_How to complete this task_
Each line of the listing, apart from the pictures, is to be printed exactly.

_Extracted material_

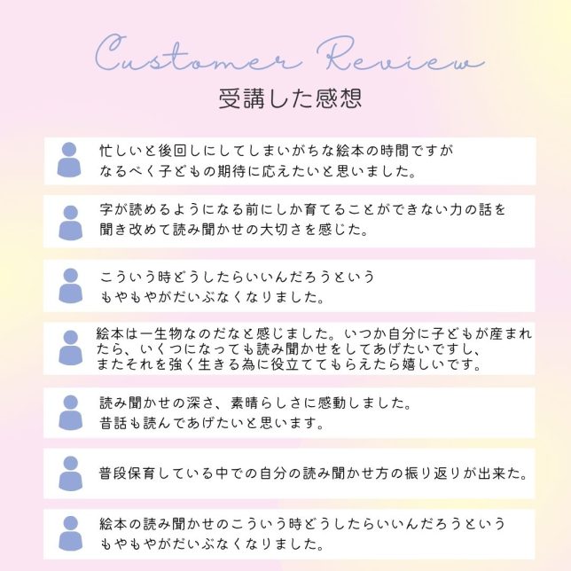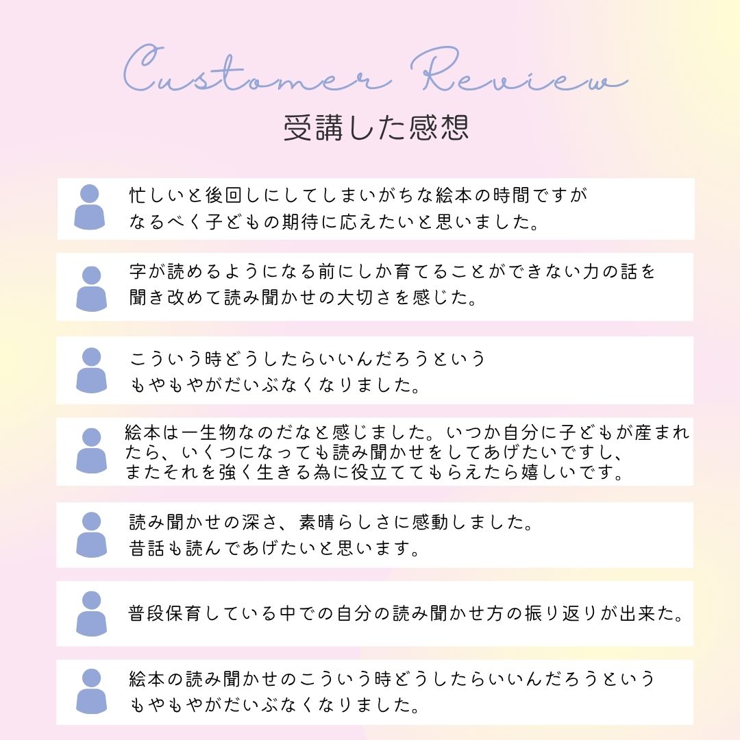 実際に魔法の読み聞かせ講座に参加した方からはこのような感想が届いています。
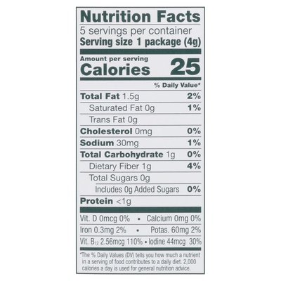 DESCRIPTION: USDA Organic. Certified gluten free. gfco.org. Certified vegan. Vegan.org. Certified Organic: Quality Assurance International. Certified Organic by Quality Assurance International (QAI). Non-GMO Project verified. nongmoproject.org. Portable slim packs. Roasted to light crispy perfection. Powered by one of the world's most nutrient-dense veggies, our seaweed snacks are craveably crafted to deliver an amazing crispy crunch and salty umami flavor that will have you saying gimMe more! Delicious, nutritious, snackable fun! Our Grab & Go packs offer the same deliciously crispy roasted seaweed snacks you love, conveniently wrapped in a portable slim pack that easily fits in your lunchbox, bag, or back pocket! Contains 5 slim packs! Did you know? Gim means seaweed in Korean. gimmesnacks.com. SmartLabel: Scan code to discover the wonders of seaweed! Instagram. Facebook. (at)gimmeseaweed. Sea Turtle Conservancy. Recyclable box. Product of Korea. < Seaweed (Organic), Sunflower Oil (Organic), Sea Salt.
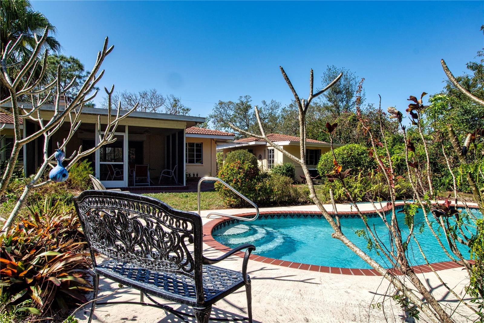 One or more photo(s) has been virtually staged. BACK ON THE MARKET! DON'T MISS THIS OPPORTUNITY! Welcome to Harbor Acres, one of the most beautiful and established communities in Sarasota! This charming, vintage Florida home and beautiful lot (15,000 sq. ft.) presents endless opportunities. Very few of these original 1950's Florida cottages remain! The integrity of the original design is still intact, including original floorplan and vintage baths. Outside, the gated courtyard extends from the front to the rear, opening onto an enchanting yard and pool, with mature landscaping and privacy. A large, screened lanai overlooking the pool and serene backyard offers the ideal private spot for relaxing and enjoying the beautiful setting. Perfect for the minimalist that treasures historic Florida and yet roomy enough for guests and entertaining. A.C. 2024. This home would be a true pleasure to restore! Need something larger? Plenty of room to add on, or design and build your perfect dream home! Harbor Acres is ideally located within a short stroll to the always lively Southside Village, including Morton's Market, a variety of wonderful restaurants and shopping. Minutes to downtown Sarasota, the bayfront, Sarasota Memorial, Selby Gardens and all of the Arts Sarasota is known for. St. Armands Circle, Lido and Siesta Key beaches are all within a 10 minute drive as well. Don't miss this great opportunity!Please note: Some water intrusion during Tropical Storm. Flooring has been replaced.
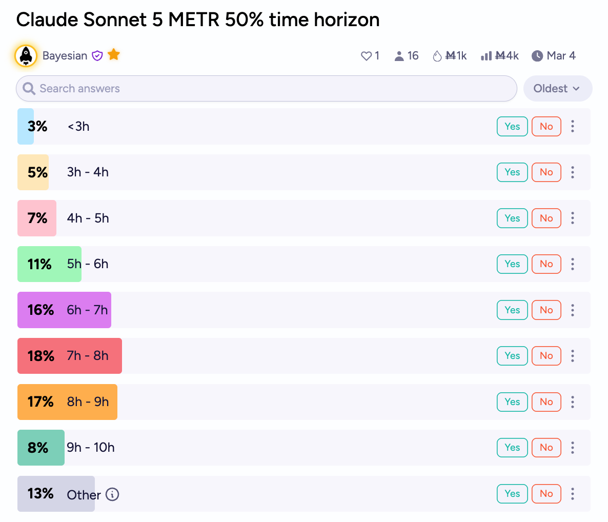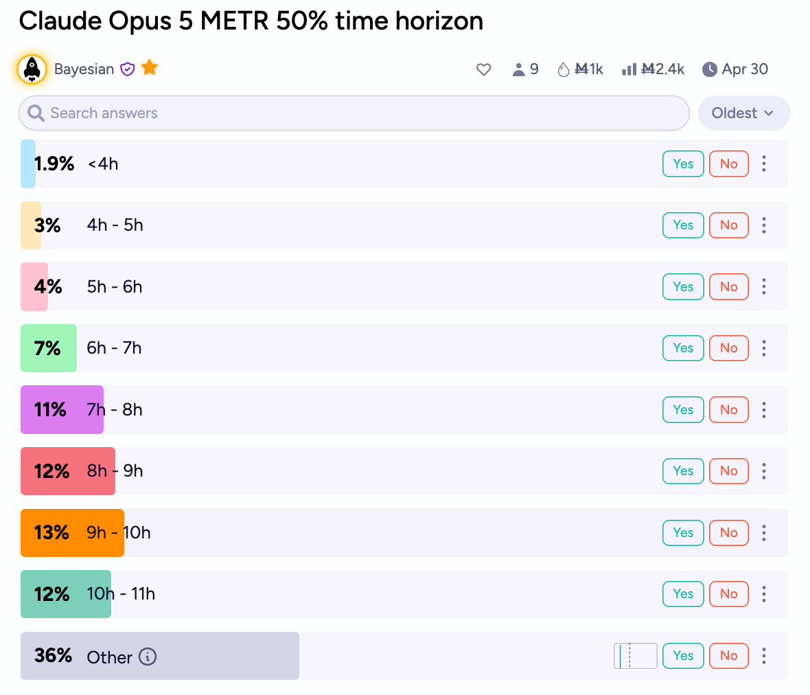 Traders expect that when Opus 5 comes out later this year, there’s a good chance it will require METR to expand their task portfolio to include more tasks above 10 hours, which are currently lacking.
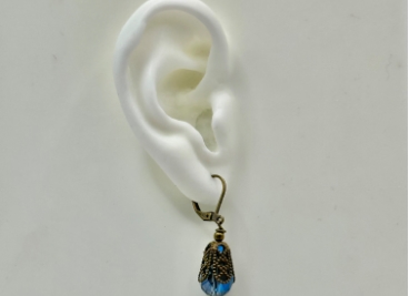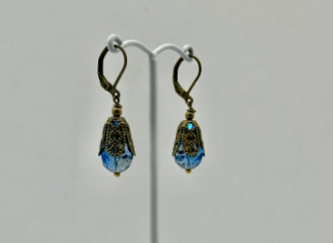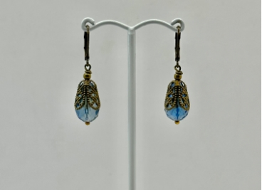Soft blue, sparkling, faceted glass drop beads. Framed with vintage look filigree bead caps. 35mm long from the top of the nickel free ear hooks. A good length for every day. So pretty!
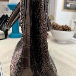 Longchamps Roseau tote in brown croc effect leather. Spacious satin lined interior.
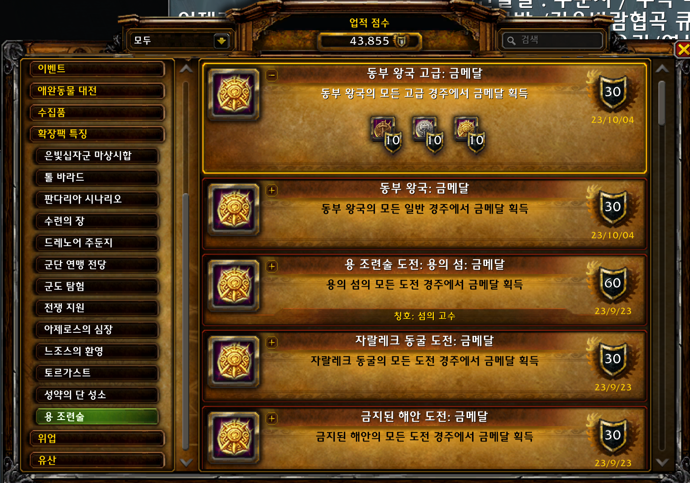 | [와우업적]동부 왕국 경주 완전 정복: 금메달 (0) | 2023.10.04 |
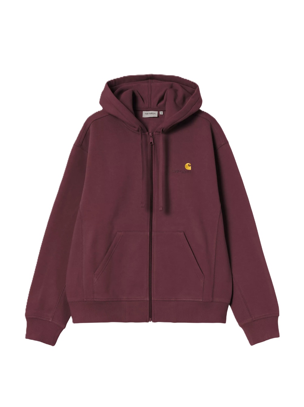 La Hooded American Script Jacket è caratterizzata da vestibilità ampia ed è realizzata in pesante jersey di policotone spazzolato per un effetto felpato. Presenta cappuccio regolabile, chiusura anteriore con zip e tasca divisa a marsupio. Sul petto campeggia il ricamo del logo in due tonalità.
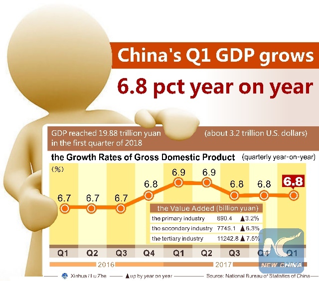 Graphics shows the Chinese economy saw a solid start to the year with a 6.8-percent growth in the first quarter, official data showed on April 17, 2018. (Xinhua/Meng Lijing)
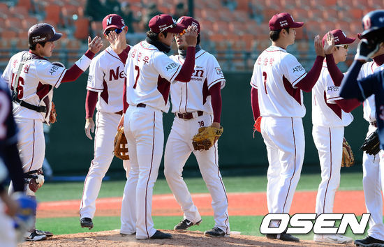 21일 오후 서울 목동구장에서 열린 '2013 한국야쿠르트 세븐 프로야구' 넥센 히어로즈와 두산 베어스의 시범경기 종료 후 넥센 선수들이 하이파이브를 하고 있다.
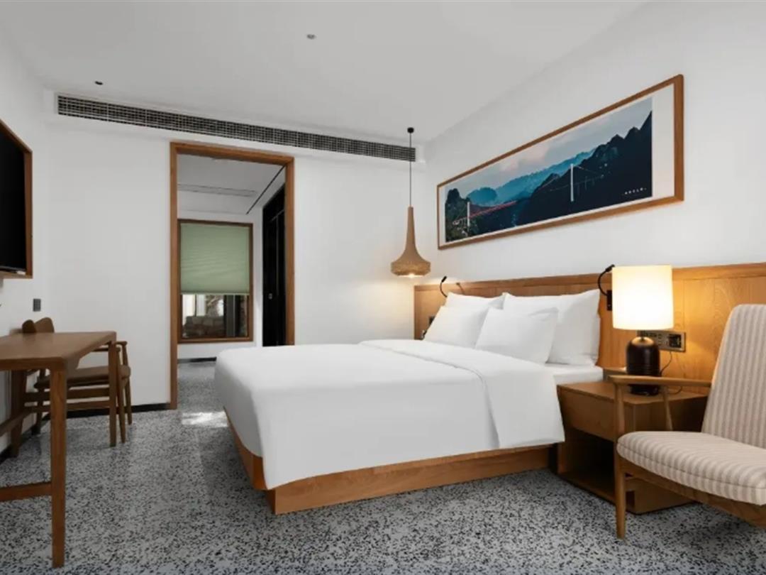 客房间内饰自然简约风,白色作为主色调,原木色点缀,各色房型都有。每间客房或配置泡池、前庭,或带阳台、榻榻米。其中,庭院大床房/标间,面积58平起,带前庭泡池。房间内装饰元素来自于当地传统文化元素,例如布依族手工艺中的竹艺编制、染织、陶艺、铜器等等。
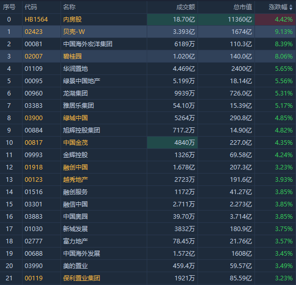 内房股、建材水泥股涨幅居前,截至发稿,贝壳-W涨超9%,碧桂园涨超8%,华润置地涨超5%,中国金茂、绿城中国、龙湖集团均涨近5%,越秀地产、融创中国均涨近4%,万科企业涨超2%。海螺水泥涨近7%,中国建材涨超1%。
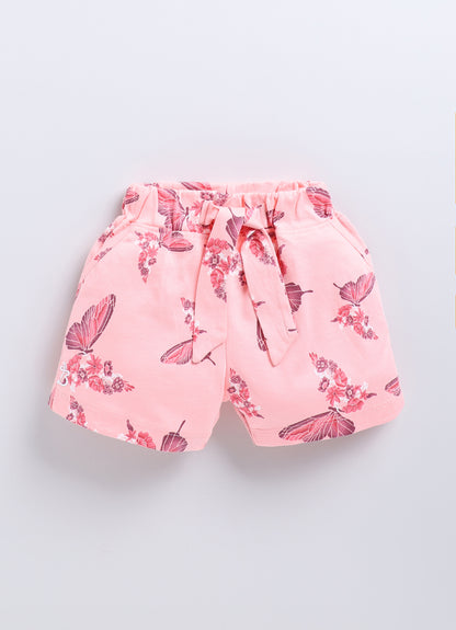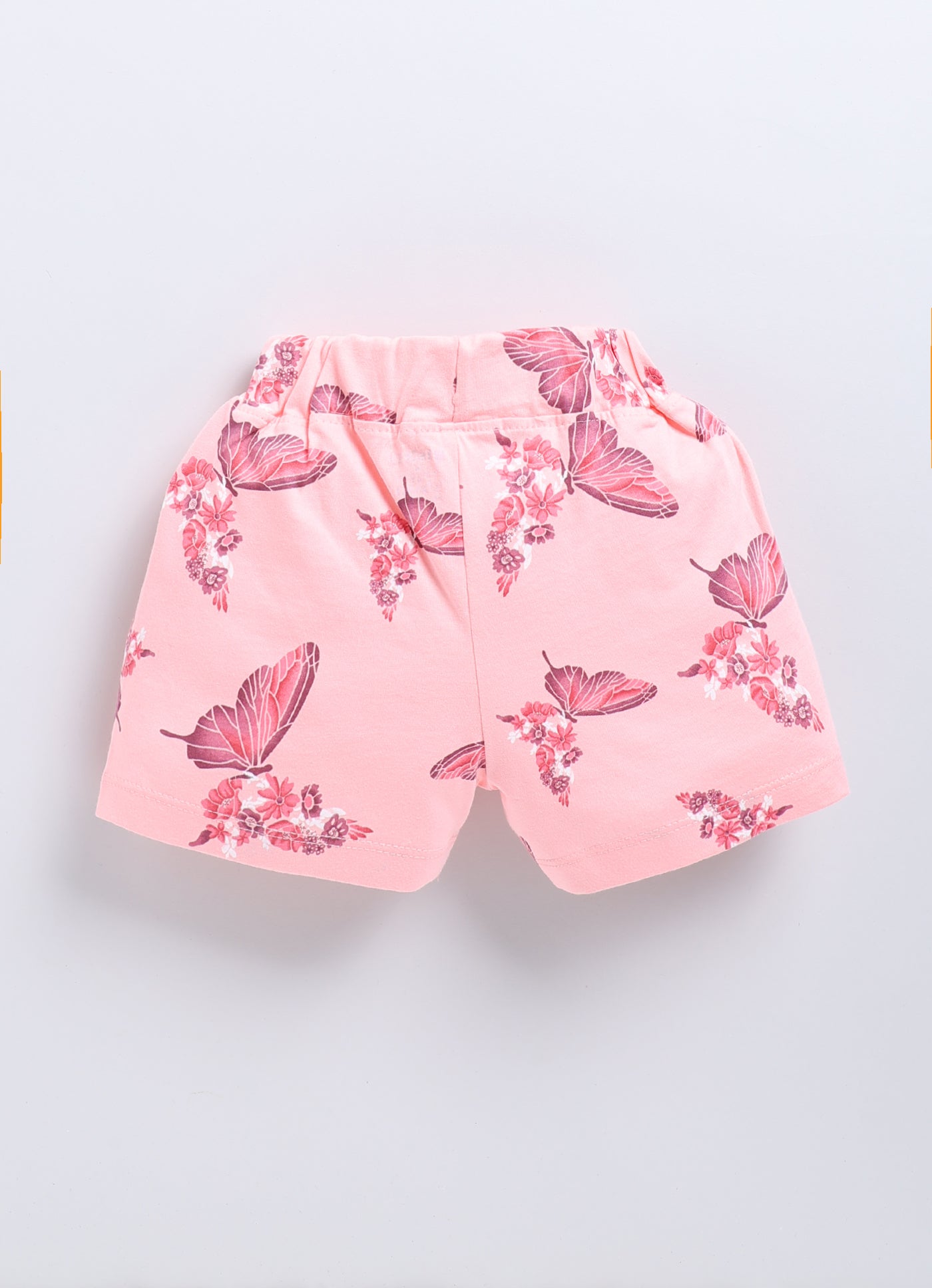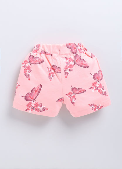 Peach Butterfly Printed Shorts for Girls by Biskid

_Result of this task_
 実際に魔法の読み聞かせ講座に参加した方からはこのような感想が届いています。
 DESCRIPTION: USDA Organic. Certified gluten free. gfco.org. Certified vegan. Vegan.org. Certified Organic: Quality Assurance International. Certified Organic by Quality Assurance International (QAI). Non-GMO Project verified. nongmoproject.org. Portable slim packs. Roasted to light crispy perfection. Powered by one of the world's most nutrient-dense veggies, our seaweed snacks are craveably crafted to deliver an amazing crispy crunch and salty umami flavor that will have you saying gimMe more! Delicious, nutritious, snackable fun! Our Grab & Go packs offer the same deliciously crispy roasted seaweed snacks you love, conveniently wrapped in a portable slim pack that easily fits in your lunchbox, bag, or back pocket! Contains 5 slim packs! Did you know? Gim means seaweed in Korean. gimmesnacks.com. SmartLabel: Scan code to discover the wonders of seaweed! Instagram. Facebook. (at)gimmeseaweed. Sea Turtle Conservancy. Recyclable box. Product of Korea. < Seaweed (Organic), Sunflower Oil (Organic), Sea Salt.
 One or more photo(s) has been virtually staged. BACK ON THE MARKET! DON'T MISS THIS OPPORTUNITY! Welcome to Harbor Acres, one of the most beautiful and established communities in Sarasota! This charming, vintage Florida home and beautiful lot (15,000 sq. ft.) presents endless opportunities. Very few of these original 1950's Florida cottages remain! The integrity of the original design is still intact, including original floorplan and vintage baths. Outside, the gated courtyard extends from the front to the rear, opening onto an enchanting yard and pool, with mature landscaping and privacy. A large, screened lanai overlooking the pool and serene backyard offers the ideal private spot for relaxing and enjoying the beautiful setting. Perfect for the minimalist that treasures historic Florida and yet roomy enough for guests and entertaining. A.C. 2024. This home would be a true pleasure to restore! Need something larger? Plenty of room to add on, or design and build your perfect dream home! Harbor Acres is ideally located within a short stroll to the always lively Southside Village, including Morton's Market, a variety of wonderful restaurants and shopping. Minutes to downtown Sarasota, the bayfront, Sarasota Memorial, Selby Gardens and all of the Arts Sarasota is known for. St. Armands Circle, Lido and Siesta Key beaches are all within a 10 minute drive as well. Don't miss this great opportunity!Please note: Some water intrusion during Tropical Storm. Flooring has been replaced.
 Traders expect that when Opus 5 comes out later this year, there’s a good chance it will require METR to expand their task portfolio to include more tasks above 10 hours, which are currently lacking.
Soft blue, sparkling, faceted glass drop beads. Framed with vintage look filigree bead caps. 35mm long from the top of the nickel free ear hooks. A good length for every day. So pretty!
 Longchamps Roseau tote in brown croc effect leather. Spacious satin lined interior.
 | [와우업적]동부 왕국 경주 완전 정복: 금메달 (0) | 2023.10.04 |
 La Hooded American Script Jacket è caratterizzata da vestibilità ampia ed è realizzata in pesante jersey di policotone spazzolato per un effetto felpato. Presenta cappuccio regolabile, chiusura anteriore con zip e tasca divisa a marsupio. Sul petto campeggia il ricamo del logo in due tonalità.
 Graphics shows the Chinese economy saw a solid start to the year with a 6.8-percent growth in the first quarter, official data showed on April 17, 2018. (Xinhua/Meng Lijing)
 21일 오후 서울 목동구장에서 열린 '2013 한국야쿠르트 세븐 프로야구' 넥센 히어로즈와 두산 베어스의 시범경기 종료 후 넥센 선수들이 하이파이브를 하고 있다.
 客房间内饰自然简约风,白色作为主色调,原木色点缀,各色房型都有。每间客房或配置泡池、前庭,或带阳台、榻榻米。其中,庭院大床房/标间,面积58平起,带前庭泡池。房间内装饰元素来自于当地传统文化元素,例如布依族手工艺中的竹艺编制、染织、陶艺、铜器等等。
 内房股、建材水泥股涨幅居前,截至发稿,贝壳-W涨超9%,碧桂园涨超8%,华润置地涨超5%,中国金茂、绿城中国、龙湖集团均涨近5%,越秀地产、融创中国均涨近4%,万科企业涨超2%。海螺水泥涨近7%,中国建材涨超1%。
 Peach Butterfly Printed Shorts for Girls by Biskid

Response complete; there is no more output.